The Company’s 20% retained interest in SDSS was determined to be valued at $158 million based on the fair value of the total pre-tax consideration received and receivable from JCET for its purchase of its 80% interest in SDSS. The Company accounts for its 20% interest in SDSS as an equity method investment within Other non-current assets in the Condensed Consolidated Balance Sheets. The Company’s 20% interest in the earnings of SDSS will be recognized one quarter in arrears and will be reported in Other net income (expense), net in the Condensed Consolidated Statements of Operations.

The Transaction resulted in a pre-tax gain of $113 million, calculated as the difference between the total consideration for the sale, including the outstanding consideration receivable and the fair value of the Company’s 20% retained interest, less the carrying value of the net assets divested, which included, among other items, $71 million of cash and cash equivalents and $303 million of goodwill allocated to SDSS.

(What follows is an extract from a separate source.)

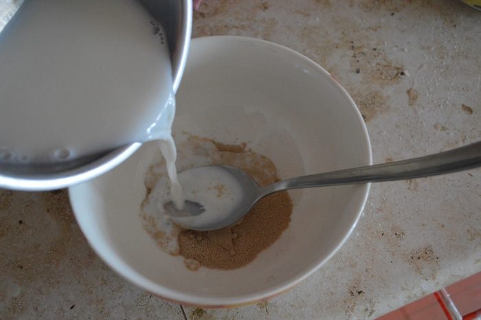 Готовим опару: для этого дрожжи заливаем теплым молоком, тщательно размешиваем. Добавляем 2 ст. л. муки и 1 ст. л. сахара. Перемешиваем и накрываем опару. Поставить в теплое место, пока не поднимется

Subsequent to and in connection with the SDSS sale, the Company entered into a five-year Supply Agreement with SDSS to purchase certain flash-based products with a minimum annual commitment of $550 million (“the minimum annual commitment”). The Supply Agreement contains specific penalties the Company must pay if SDSS’s revenue fails to meet the minimum annual commitment. The Supply Agreement also provides that if SDSS’s revenue is higher than the minimum annual commitment in any of the two years immediately succeeding any annual period where a shortfall penalty has been paid, SDSS shall reimburse the Company a true-up amount not exceeding the previously paid penalty amount. The Supply Agreement expires on September 28, 2029, and automatically renews for additional one-year terms unless earlier terminated by any of the parties. The Company also entered into an agreement to grant SDSS certain intellectual property rights on a royalty-free basis for use in manufacturing products on the Company’s behalf for the term of and under the Supply Agreement. For the six months ended December 27, 2024, the Company made purchases of $111 million under the Supply Agreement and had an account payable balance due to SDSS of $117 million as of December 27, 2024.

The Company also entered into a Transaction Services Agreement (“TSA”) to provide certain transitional services for one year following the closing of the Transaction. Charges under the TSA were not material.